- [The problem]:
From the first line of the listing below through the line with "Khách sạn Sài", transcribe exactly and skip the pictures.

- [Information shown]:
^^^^^^^^^^^^^^^^
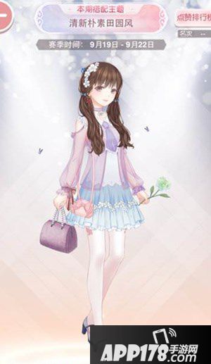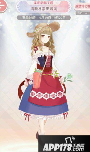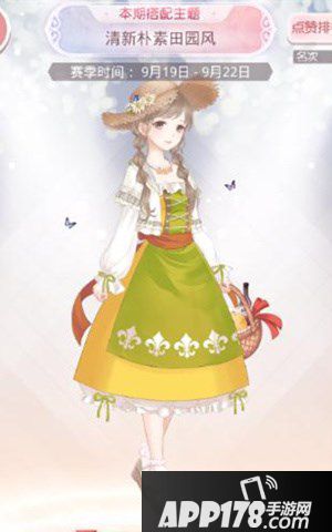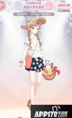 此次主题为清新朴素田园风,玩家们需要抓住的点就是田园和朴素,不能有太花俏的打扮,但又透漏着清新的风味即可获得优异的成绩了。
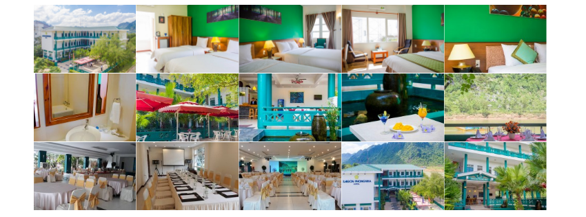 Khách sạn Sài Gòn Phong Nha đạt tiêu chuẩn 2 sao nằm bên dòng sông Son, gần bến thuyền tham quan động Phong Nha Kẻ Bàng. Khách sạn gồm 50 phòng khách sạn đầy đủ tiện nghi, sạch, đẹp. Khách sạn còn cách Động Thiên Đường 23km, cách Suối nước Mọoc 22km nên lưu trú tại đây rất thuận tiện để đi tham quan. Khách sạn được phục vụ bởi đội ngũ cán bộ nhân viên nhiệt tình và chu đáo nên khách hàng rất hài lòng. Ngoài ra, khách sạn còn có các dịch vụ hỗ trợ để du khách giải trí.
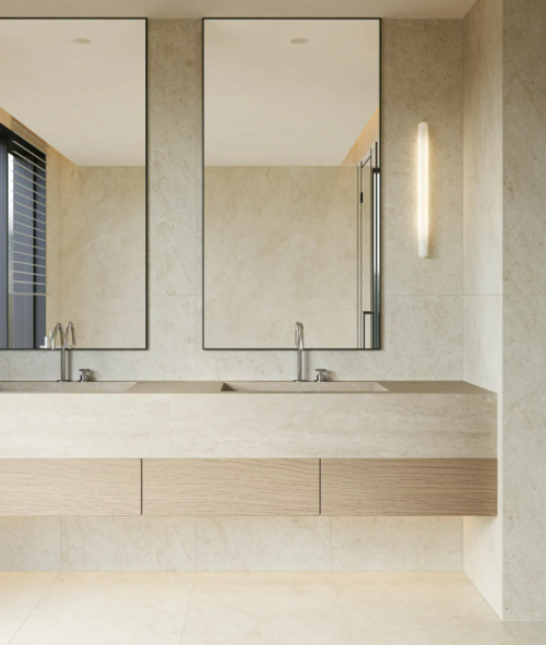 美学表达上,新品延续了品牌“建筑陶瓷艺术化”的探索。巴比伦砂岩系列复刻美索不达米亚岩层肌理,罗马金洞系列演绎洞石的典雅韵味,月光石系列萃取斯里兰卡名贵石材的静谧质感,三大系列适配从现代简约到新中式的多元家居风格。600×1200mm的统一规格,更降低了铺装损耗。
^^^^^^^^^^^^^^^^
- [Answer for this exercise]:
 此次主题为清新朴素田园风,玩家们需要抓住的点就是田园和朴素,不能有太花俏的打扮,但又透漏着清新的风味即可获得优异的成绩了。
 Khách sạn Sài Gòn Phong Nha đạt tiêu chuẩn 2 sao nằm bên dòng sông Son, gần bến thuyền tham quan động Phong Nha Kẻ Bàng. Khách sạn gồm 50 phòng khách sạn đầy đủ tiện nghi, sạch, đẹp. Khách sạn còn cách Động Thiên Đường 23km, cách Suối nước Mọoc 22km nên lưu trú tại đây rất thuận tiện để đi tham quan. Khách sạn được phục vụ bởi đội ngũ cán bộ nhân viên nhiệt tình và chu đáo nên khách hàng rất hài lòng. Ngoài ra, khách sạn còn có các dịch vụ hỗ trợ để du khách giải trí.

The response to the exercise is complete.